Дежурный надзиратель подошел к двери, задвинул засов, запер замок на ключ. Странный человек этот надзиратель. Родом отсюда, из Бурсы. Каждый вечер говорит арестантам: «Доброй ночи!» Вот и сегодня сказал. А потом открывает волчок и подзывает к двери:
— А ну-ка подойди сюда, устад[8]! Подойди! Опять немец пошел наступать. Опять бомбил Лондон. Ну не упрямься, признайся — выиграет немец войну!
Надзиратель «болеет» за Гитлера. Но теперь он уже не так уверен, как год-два назад.
— Не выиграет.
— Видать, не потерял веры. Что ж, посиди, увидим!
Волчок в двери закрылся.
Он подошел к окошку, вернулся. Снова к окну, опять к двери. Интересно, сколько метров прошел он за эти годы по бетону? Как ни считай, все те же четыре… Если ты не потерял веры… Наши там сражаются, умирают, а мы валяемся здесь на боку!
Если ты не утратил веры… то будешь повешен или брошен в тюрьму… Вот именно! Просидишь десять лет, пятнадцать.
Он зашагал из угла в угол как маятник. Вся тюрьма знала об этой его привычке. Днем, когда камеры были открыты, он иногда выходил в коридор — для длинных ритмов камера была слишком мала. И Селим-ага, крестьянин из камеры в тридцать человек, что на втором этаже, улыбаясь, говорил:
— Тихо, ребята, опять отец лихие стихи складывает!
«Лихие» на его языке означало «боевые»… С тех пор как Назым организовал здесь ткацкую артель, привязалось к нему это — отец. А ведь седобородый, благообразный крестьянин Селим-ага старше лет на пятнадцать.

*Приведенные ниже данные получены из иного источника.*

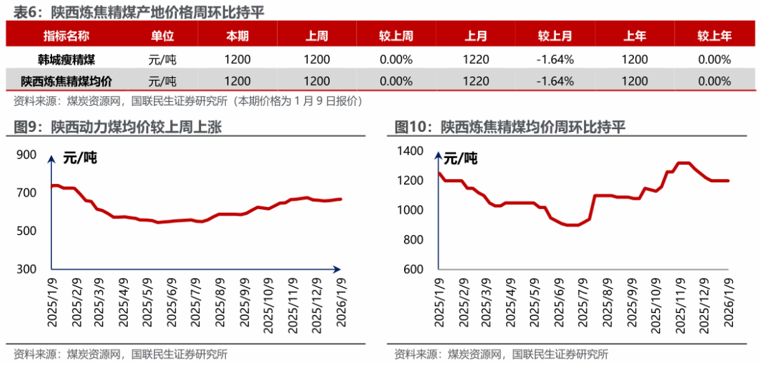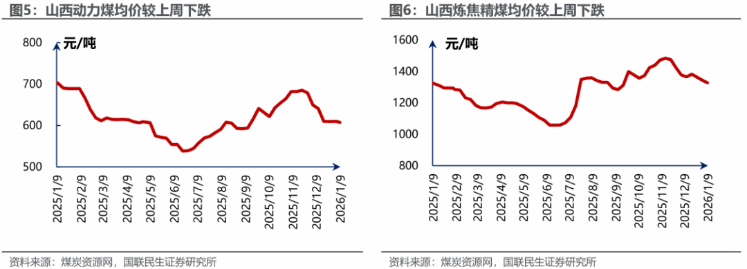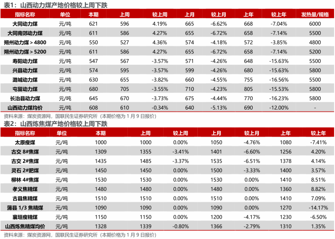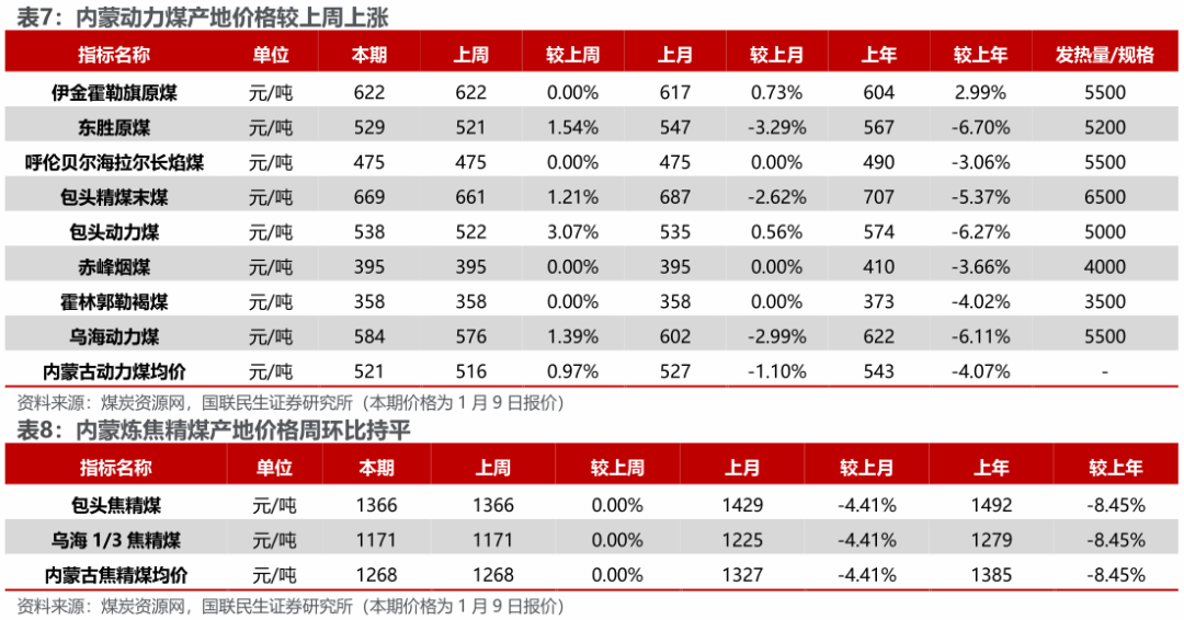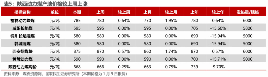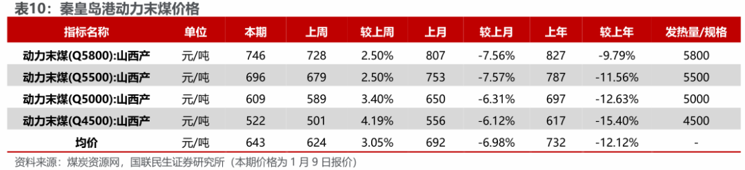 港口及产地煤价上涨。煤炭资源网数据显示,截至1月9日,秦皇岛港Q5500动力煤市场价报收于696元/吨,周环比上涨17元/吨。产地方面,据煤炭资源网数据,山西大同地区Q5500报收于581元/吨,周环比上涨25元/吨;陕西榆林地区Q5800指数报收于595元/吨,周环比上涨14元/吨;内蒙古鄂尔多斯Q5500报收于534元/吨,周环比上涨8元/吨。

Если ты веришь в родину, в мир, в человека,
Будешь повешен
Или посажен в тюрьму.
Просидишь десять лет,
Просидишь до скончания века.
Но все же не скажешь себе:
«Ах, лучше бы флагом висеть на столбе!»
Ты должен за жизнь держаться,
Пусть стала обузой тебе самому.
Твой долг — за нее сражаться,
Прожить еще день
Назло врагу…
Он растянулся на нарах. Нет, что ни говори, надо жить. Даже когда жизнь стала долгом. Словно дал кому-то слово и выполняешь его. Он задремал…
Щелкнул замок, завизжала ржавая щеколда. В камеру вошел невысокий молодой парень.

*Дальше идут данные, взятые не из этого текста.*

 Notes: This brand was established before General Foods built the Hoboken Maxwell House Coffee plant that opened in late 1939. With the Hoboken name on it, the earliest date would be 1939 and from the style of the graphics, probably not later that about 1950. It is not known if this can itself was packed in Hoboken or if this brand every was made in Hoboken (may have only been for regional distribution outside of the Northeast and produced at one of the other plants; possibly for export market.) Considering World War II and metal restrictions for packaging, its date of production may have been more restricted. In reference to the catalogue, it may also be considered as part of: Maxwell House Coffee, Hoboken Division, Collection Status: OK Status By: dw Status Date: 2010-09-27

— Вот и компания! — проговорил немецкий «болельщик».
Медленно удалились по коридору шаги. Все стихло. А парень все так же стоял посреди камеры.
— Располагайтесь! Правда, будет тесновато, не взыщите.
Пришелец молча расстелил постель, положил в угол торбочку. Он был растерян, ошеломлен. Да и как не растеряться! Два года назад ему дали пять лет — «прокоммунистическая пропаганда». А вся пропаганда заключалась в том, что он любил стихи Назыма Хикмета и говорил, что его осудили против закона, несправедливо.
Могло ли ему прийти в голову, что он будет сидеть с поэтом в одной и той же камере, вдвоем?!.
— Не может быть! Невероятно!
— А что, собственно, не может быть?
И Рашид — так звали парня — рассказал свою историю. В тюрьме он начал сам писать стихи. И даже посылал их в журнал «Еди гюн». Смешно получилось. Ничего не зная об авторе, их стали печатать. И когда в конце года редакция объявила анкету среди читателей, его стихи большинством голосов были признаны лучшими. Видали бы они своего лауреата! Читатели читателями, а ни с одним настоящим поэтом не удалось ему до сих пор поговорить о своих стихах. Мнение такого мастера, как Назым, могло, наконец, решить, стоит он чего-нибудь или нет. Несмотря на поздний час, он решился и попросил позволенья прочесть стихи.
Одну за другой доставал он из торбы исписанные тетради и читал все подряд. Назым слушал молча. Курил трубку одну за другой. Ткачу не нужно видеть весь рулон, достаточно пощупать краешек, чтобы определить качество материи. Так и ему достаточно было трех-четырех строф.
Парень, бесспорно, способный. Но стихи… «Лишь паруса, надутые ветром мечтаний, твой челн приведут в край, где люди красивы. И только любовью излечишься ты…» Великий боже, что за стихи! В четырнадцать лет у него самого была почти такая же строка…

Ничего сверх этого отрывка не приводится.